Since the vast majority of women do not kill their babies, at best we are left with a very slight genetic tendency toward this action. What would be left is what is commonly called “morality.” But, scientists take this tiny sliver of genetic effect and then portray it as an explanation of “morality.” If our genes 100% determined our behavior, then perhaps we could say that scientists are justified in using Darwin to promote a “true” morality. But, if genes are responsible for a small fraction of our behavior, then it probably appears to ordinary people that scientists are using Darwinism to promote their own morality. Since there is no direct evidence for the scientific claims, this seems an area ripe for social influences. As scholars have pointed out, it is interesting how all of these theories tend to legitimate morally condemned male behaviors (McCaughey, 2008).

In sum, creationists are not alone in connecting Darwinism to morality. Many scientists also draw on Darwinism to make moral claims about the status of humans, our place in the world, and what ought to be done. Because scientists also link Darwinism and morality, we cannot say that creationists are entirely mistaken, ignorant, or confused when they challenge Darwinism on moral grounds. Rather, they are engaging in the same practices as those scientists who use Darwin to make moral claims, and are reacting to those claims.

We also note that the morally offensive policies that have been legitimated by reference to Darwinian truth, such as forced sterilization and the Holocaust, have been rejected when their bases as moral rather than scientific projects are revealed. This is instructive for our understanding of creationist challenges to Darwinism. In the remainder of this chapter, we apply this insight to creationist challenges in American public life, first by explaining how and why this debate has persisted for over a century in approximately the same form, then by demonstrating how treating creationist challenges as debates over public morality can restore the liberal democratic process to this particular dispute.

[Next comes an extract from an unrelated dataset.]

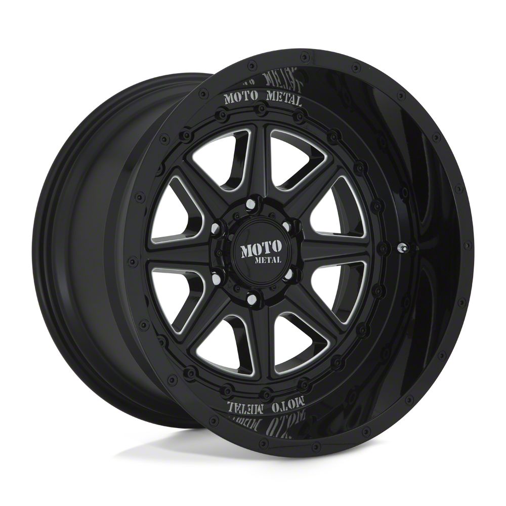 Application. This Moto Metal Phantom Gloss Black Milled 8-Lug Wheel; 20x10; -2018mm Offset, with a backspacing of 4.791 Inch, 121.7mm and a bolt pattern of 8 x 165.1mm (8 x 6.5-Inch), is designed to fit 2010-2018 models. Sold individually.

5 Why this Debate Persists

In this section we explain why this debate has persisted for over a century in approximately the same form. We focus specifically on three major epistemological approaches to resolving creationist challenges: science education, definitional enforcement, and movement suppression. Each of these approaches has failed to stop creationist challenges, and in fact may have increased support for creationist perspectives.

5.1 Knowledge Deficit

The first influential epistemological approach to creationist challenges is the “knowledge deficit” model of science education. The knowledge deficit model assumes that people should agree with science because it is true, and that therefore lower levels of agreement (sometimes called resistance or opposition) are due to a deficit of knowledge about science. In this model, if people are better educated about science, then they will agree with it. Applying the model to this case means that if creationists do not think evolution is a true description of human origins, then it is because they do not understand it (probably because their religious beliefs interfere) and they need to be better educated.

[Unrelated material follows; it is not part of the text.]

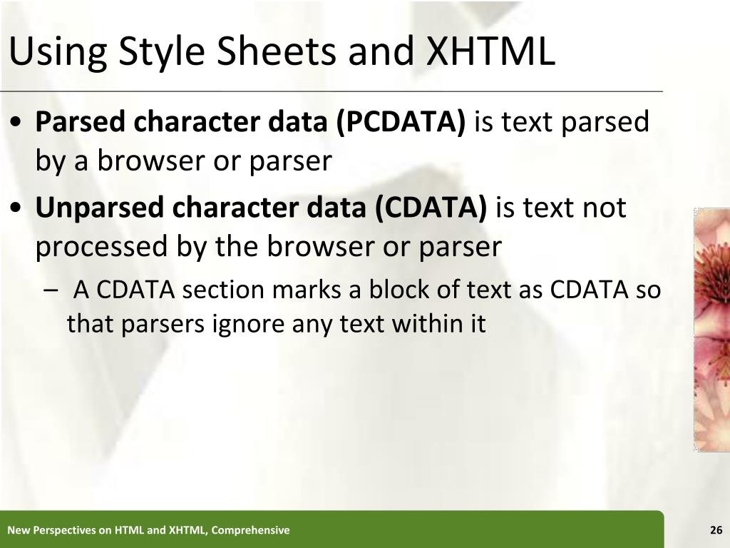 Using Style Sheets and XHTML • Parsed character data (PCDATA) is text parsed by a browser or parser • Unparsed character data (CDATA) is text not processed by the browser or parser • A CDATA section marks a block of text as CDATA so that parsers ignore any text within it New Perspectives on HTML and XHTML, Comprehensive

There are two implications of this approach for creationist challenges. First, schools should not permit the interfering beliefs into the science classroom. Second, science classes should focus on teaching evolution as clearly and completely as possible. The BSCS, starting in 1960 and continuing into the present, has focused on the second strategy. The first strategy has been pursued at the local level through school board meetings and curriculum review (Binder, 2002), and at higher levels through legal intervention, as in McLean, Edwards, and Kitzmiller.

The problem is that there is little evidence to suggest that the knowledge deficit model underlying these strategies is correct. One of the biggest shifts in the academic field of “public understanding of science” happened when several studies showed that disbelief, resistance, and opposition to science had very little to do with level of knowledge (Sturgis and Allum, 2004; Bauer, Allum and Miller, 2007). In many cases, people who support creationism test as well as those who fully agree with evolution (for example Woodrum and Hoban, 1992). Given the empirical limitations of the knowledge deficit approach, the “public understanding of science” literature has shifted from discussion of knowledge deficits to discussion of public exclusion, suggesting that participation, deliberation, and inclusion are far more important in developing “scientific citizenship” (Irwin, 2001).

Empirically, however, it is clear that opponents of creationism in schools often hold to the knowledge deficit model even when there is evidence to the contrary. A recent case in the UK case illustrates this point (Allgaier, 2008). In 2002 a media furor arose over the involvement of the Vardy Foundation, a Christian organization, in supporting a creationist conference at Emmanuel College (Gateshead). This coverage included accusations of teaching creationism in science classes, a particular concern given Emmanuel’s origins as a City Technology College. Yet several public figures lined up in support of Emmanuel, not based on agreement with creationism, but on the basis that Emmanuel continued to earn top marks from the Office for Standards in Education (OFSTED). When asked about the controversy, Prime Minister Tony Blair praised the school for its achievements and OFSTED assessment results. But another set of public figures, including not only scientists such as Richard Dawkins and Peter Atkins, but also Michael Turnbull, the Bishop of Durham, pressed for OFSTED to reevaluate the school, and in the end, even for OFSTED to be reevaluated, because it could not be working if it positively assessed a school that allowed creationism in the classroom (Allgaier, 2008:184-5).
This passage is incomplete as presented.